Exercise goal
Write out only the lines from the start of the entries up to and including the line with "目前主展场全部展陈布置完成。"; please skip the pictures.

[Data entries]
+ + + +

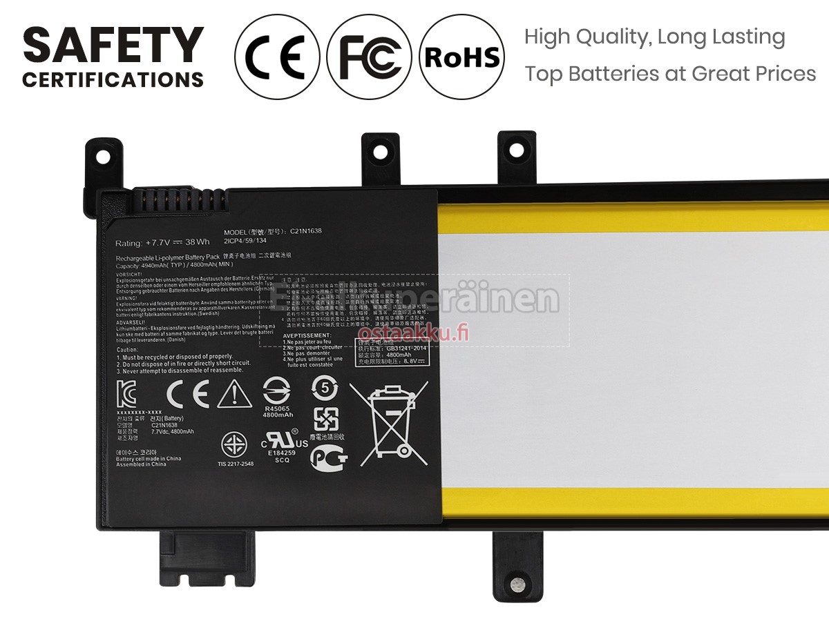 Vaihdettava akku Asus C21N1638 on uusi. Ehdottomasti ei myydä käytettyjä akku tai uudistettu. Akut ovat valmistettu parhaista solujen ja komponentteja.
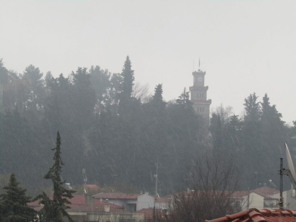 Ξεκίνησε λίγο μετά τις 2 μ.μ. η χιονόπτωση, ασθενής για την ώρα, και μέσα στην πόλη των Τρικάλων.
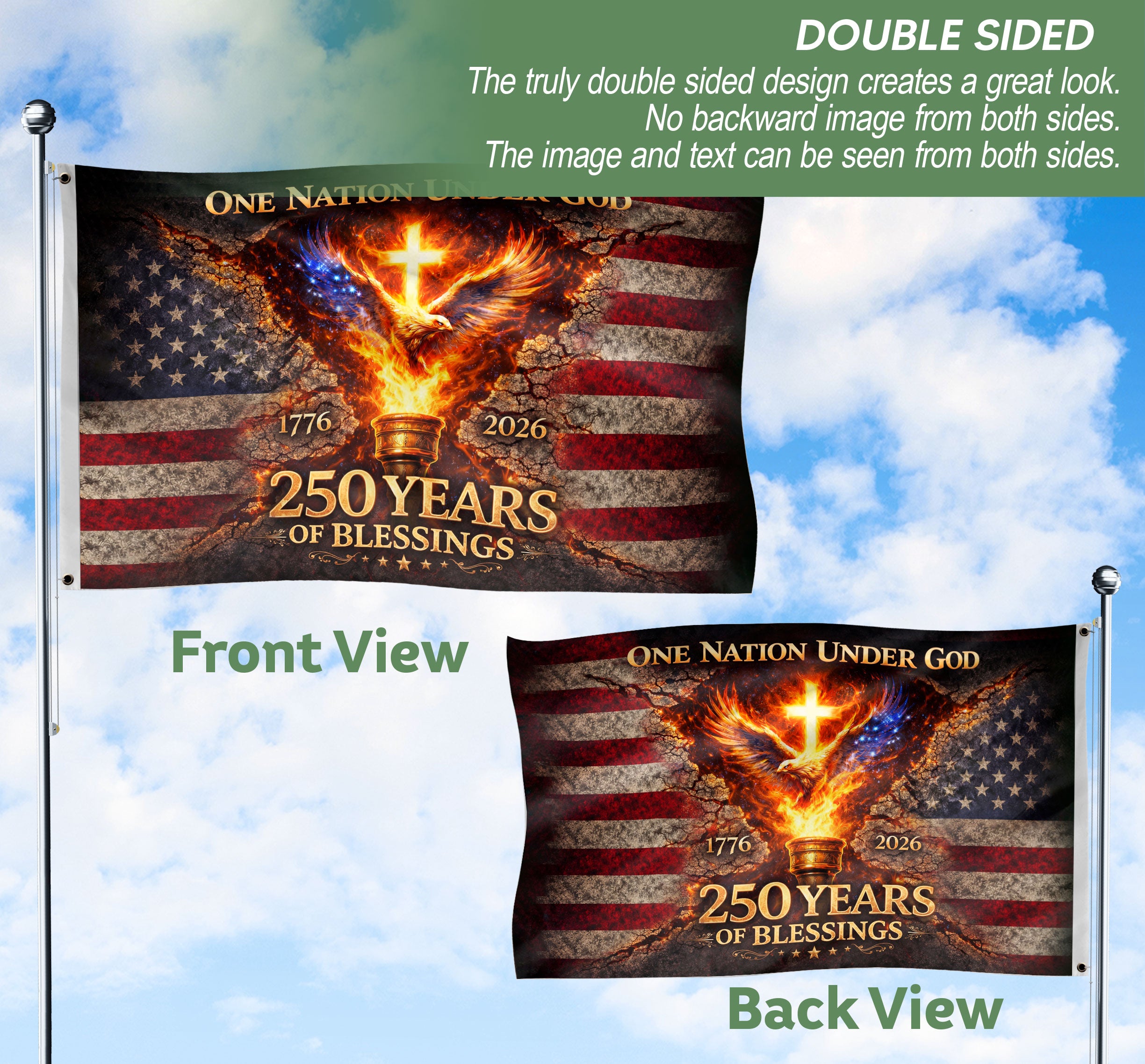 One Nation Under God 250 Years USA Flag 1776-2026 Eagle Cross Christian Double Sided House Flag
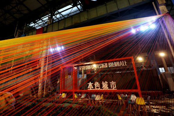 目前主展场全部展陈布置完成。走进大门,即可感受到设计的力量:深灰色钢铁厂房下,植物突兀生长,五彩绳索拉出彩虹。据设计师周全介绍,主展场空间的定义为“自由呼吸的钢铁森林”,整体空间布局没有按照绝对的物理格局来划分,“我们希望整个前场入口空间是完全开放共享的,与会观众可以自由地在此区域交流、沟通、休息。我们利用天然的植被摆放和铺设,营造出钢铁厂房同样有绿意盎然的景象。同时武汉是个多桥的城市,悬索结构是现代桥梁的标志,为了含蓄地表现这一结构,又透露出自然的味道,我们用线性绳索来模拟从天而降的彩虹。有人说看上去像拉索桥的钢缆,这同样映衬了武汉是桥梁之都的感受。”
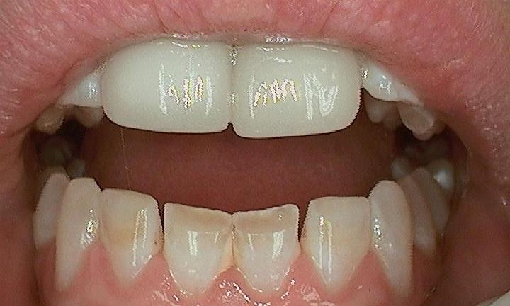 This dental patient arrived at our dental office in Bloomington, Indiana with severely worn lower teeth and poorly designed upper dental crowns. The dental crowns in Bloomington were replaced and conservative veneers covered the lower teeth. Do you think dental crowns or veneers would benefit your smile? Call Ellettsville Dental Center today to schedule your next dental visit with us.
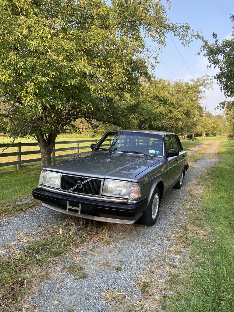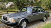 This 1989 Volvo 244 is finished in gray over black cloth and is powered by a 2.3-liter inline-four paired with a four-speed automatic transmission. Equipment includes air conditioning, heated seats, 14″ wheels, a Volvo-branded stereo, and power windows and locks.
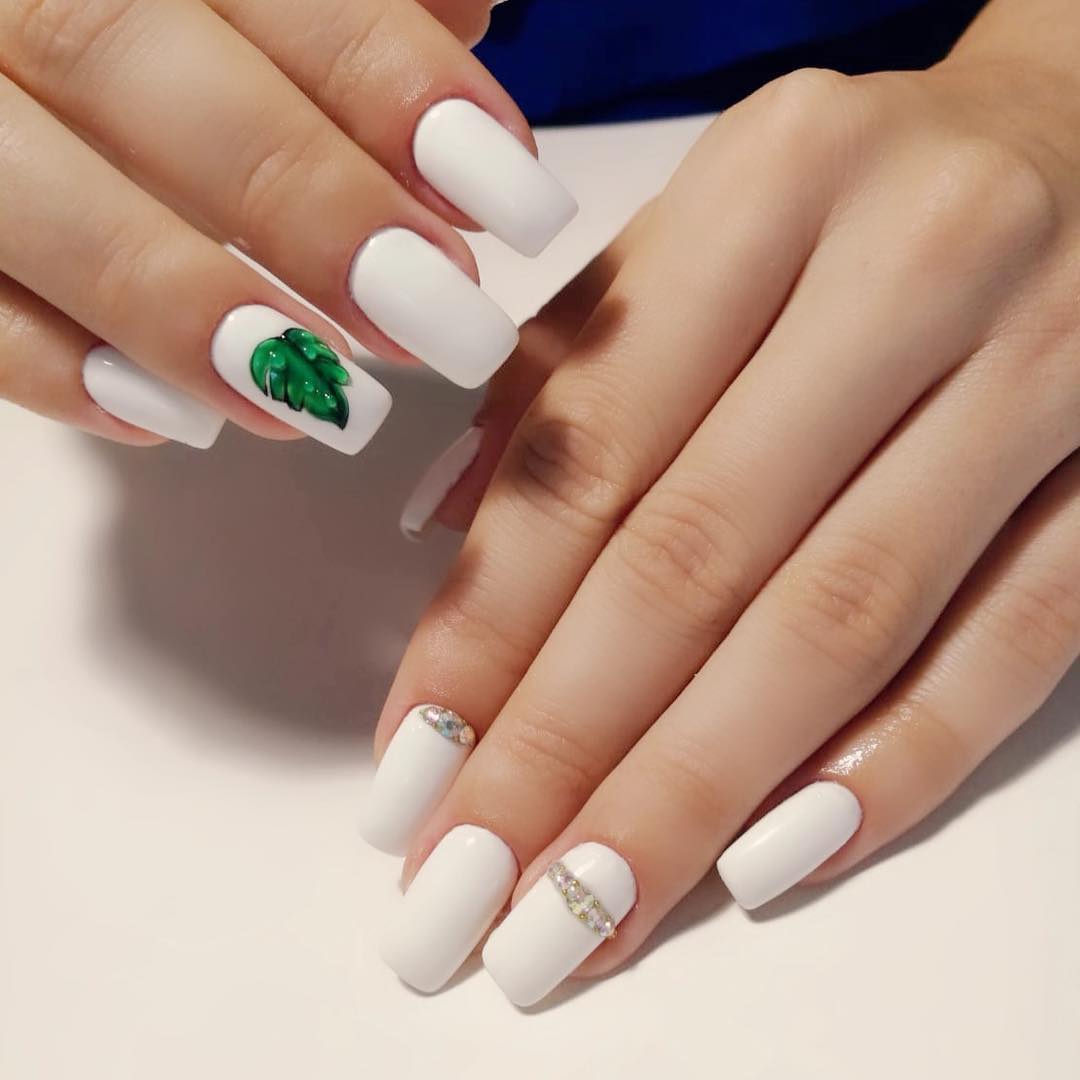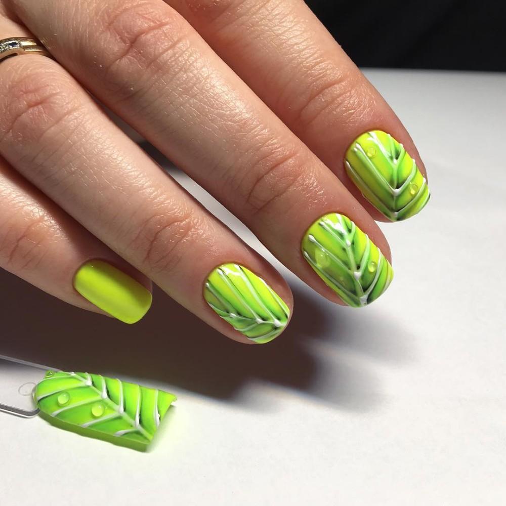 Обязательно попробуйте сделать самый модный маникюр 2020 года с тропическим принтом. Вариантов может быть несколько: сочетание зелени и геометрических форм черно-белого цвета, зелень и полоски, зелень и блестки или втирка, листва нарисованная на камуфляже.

+ + + +

Exercise solution
 Vaihdettava akku Asus C21N1638 on uusi. Ehdottomasti ei myydä käytettyjä akku tai uudistettu. Akut ovat valmistettu parhaista solujen ja komponentteja.
 Ξεκίνησε λίγο μετά τις 2 μ.μ. η χιονόπτωση, ασθενής για την ώρα, και μέσα στην πόλη των Τρικάλων.
 One Nation Under God 250 Years USA Flag 1776-2026 Eagle Cross Christian Double Sided House Flag
 目前主展场全部展陈布置完成。走进大门,即可感受到设计的力量:深灰色钢铁厂房下,植物突兀生长,五彩绳索拉出彩虹。据设计师周全介绍,主展场空间的定义为“自由呼吸的钢铁森林”,整体空间布局没有按照绝对的物理格局来划分,“我们希望整个前场入口空间是完全开放共享的,与会观众可以自由地在此区域交流、沟通、休息。我们利用天然的植被摆放和铺设,营造出钢铁厂房同样有绿意盎然的景象。同时武汉是个多桥的城市,悬索结构是现代桥梁的标志,为了含蓄地表现这一结构,又透露出自然的味道,我们用线性绳索来模拟从天而降的彩虹。有人说看上去像拉索桥的钢缆,这同样映衬了武汉是桥梁之都的感受。”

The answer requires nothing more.